Le monde des réseaux sociaux pleure la disparition de Clara Vissante, influenceuse suivie par des millions d’abonnés, décédée après une tragédie au scénario irréel. Obsédée par l’image qu’elle renvoyait, Clara venait de subir une opération de chirurgie esthétique chez le Dr Hervé Tuste. Déçue du résultat, elle confie son désarroi à ses abonnés, dévoilant une détresse dissimulée derrière les filtres et les sourires.

Parmi ses fans, il y a Théo Ptimiste, un jeune stagiaire hospitalier, fasciné par la star depuis le collège. Lorsqu’il voit la vidéo Tok Tok de l’influenceuse pleurant sur son opération ratée, il l’encourage avec un message sibyllin : “la vengeance t’apaisera”. Magie, Clara le contacte enfin ! Elle s’intéresse à un puissant anesthésiant, le Popotol. Elle lui demande de lui en fournir. Il cède sans réfléchir. Quelques jours plus tard, l’influenceuse empoisonne son chirurgien à l’aide d’un café au Popotol, avant de chuter mortellement dans les escaliers. L’autopsie du docteur révèlera une dose létale du médicament dans son sang. Théo Ptimiste a donc comparu seul le 20 janvier 2026 pour complicité d’empoisonnement par guet-apens. Et en droit français le complice encourt la même peine que l’auteur !
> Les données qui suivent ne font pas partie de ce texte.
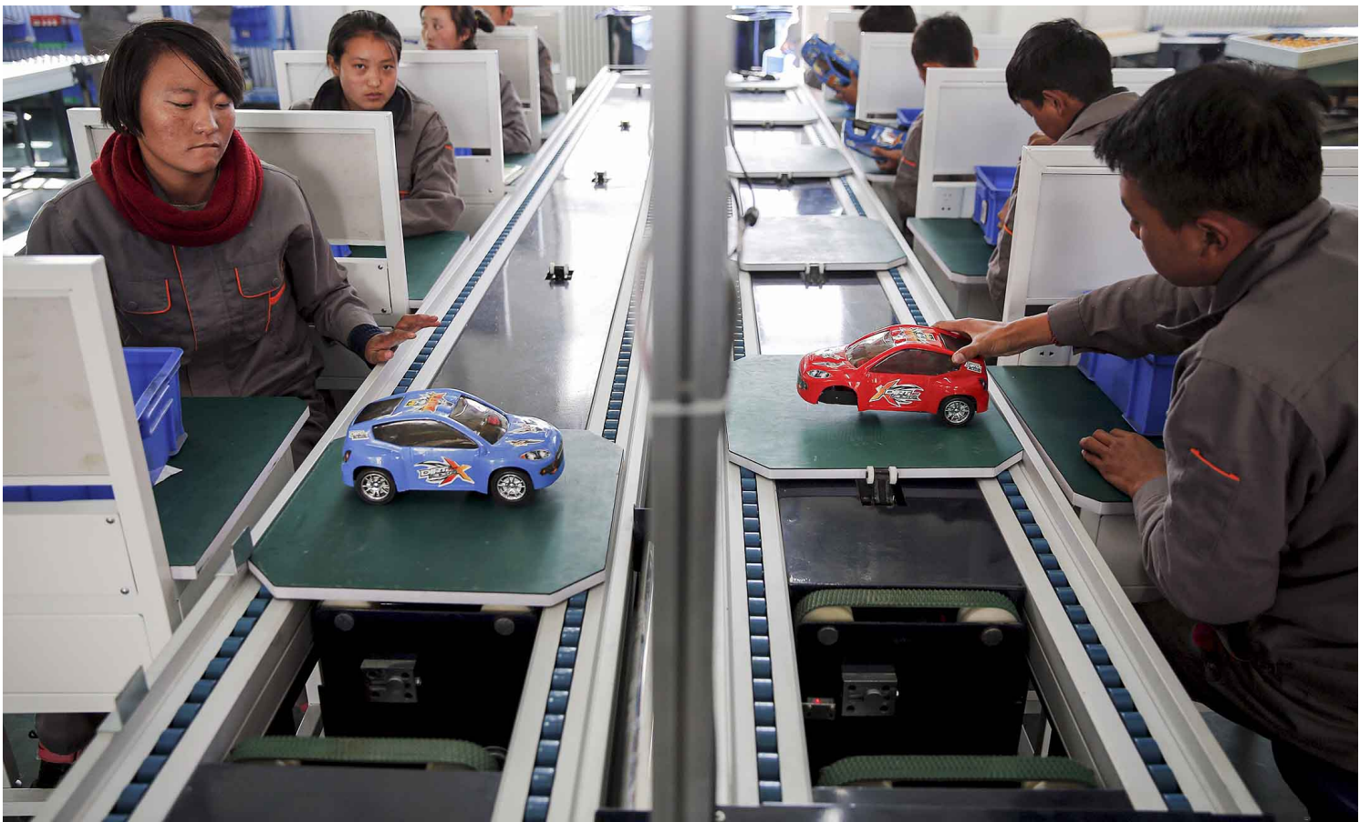
2015年11月19日西藏自治区拉萨市，一群外国记者参观政府组织的一所职业学校，学生们在玩具汽车装配线上工作。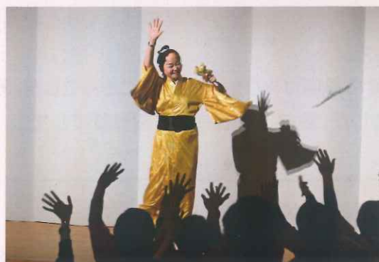
レクリエーション大会②

Théo se défendit en expliquant que la passion avait aveuglé le garçon timide qu’il était à l'époque, qu’il s’était laissé manipulé par Clara. Il dit aussi qu’il la voyait souffrir et que c’était pour cela qu’il s’était permis de voler le Popotol à l’hôpital, pour soulager ses douleurs fessières ! En conclusion, il a fait passer l’amour avant la loi. Le jury n’a cependant pas été sensible au pathos du jeune homme le condamnant à 10 ans d’emprisonnement et à l’interdiction définitive d’exercer la médecine. On ne badine pas avec le serment d’Hippocrate.

Par ce verdict sévère la cour a souhaité démontrer combien les réseaux sociaux nous éloignent du réel, poussant à l’obsession du corps parfait, à la perte d’identité et parfois à l’irréparable. Derrière les écrans, les “likes” et les filtres, il y a toujours une vie — et des conséquences bien réelles. Comme Théo vient de l’apprendre.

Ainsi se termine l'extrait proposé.